Created attachment 104271 [details] lscpu.txt
Created attachment 104281 [details] i7z.txt
Created attachment 104291 [details] sensors.txt
Created attachment 104301 [details] grub_config.txt
Hi, Could you provide what powertop and htop show during overheating? (including these tab, Overview Idle stats Frequency stats Device stats Tunables).
BTW, does this bug happen in the mainline(v3.10-rc5) kernel?
Well, I have been switched to 3.9.1-1 kernel for about 2 days, and so far so good , `cpupower` shows that intel_pstate driver which is built in works well. So there must be something different between this kernel and the latest 3.9.5-1 stock kernel . I haven't tried 3.10 kernel yet because it's not in the stable repository of my distribution( Archlinux here actually).
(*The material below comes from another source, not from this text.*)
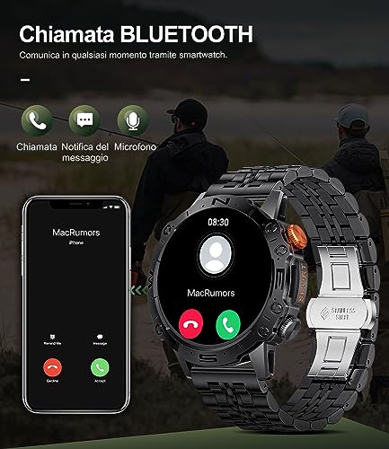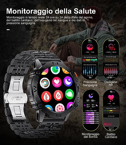 【Robustezza di Qualità Militare e Batteria da 360mAh】 Questo orologio connesso per uomini adotta un design militare e ha superato i test militari di resistenza alla polvere, all'acqua e alle esplosioni. Sia gli appassionati di fitness che gli sportivi estremi possono contare su questo smartwatch per accompagnarli nelle loro avventure. Inoltre, la batteria da 360mAh offre un'autonomia di 3 a 7 giorni, consentendovi di godere di un'esperienza durevole con tecnologia intelligente.

This seems a regression between stable 3.9.1 and stable 3.9.5. Could you further narrow the gap or do a bisect? From your description, there is no a direct way to produce the bug since it takes place randomly, right? It's better to check whether the issue exists in the latest mainline kernel v3.10-rc5 because this may have been resolved.
I have tested the 3.9.6 stock kernel from my distribution and the problem remains, so I have to wait for the next main line release of 3.10 which will be ready. Now I'm running on 3.9.1 which works very well. No such problem observed.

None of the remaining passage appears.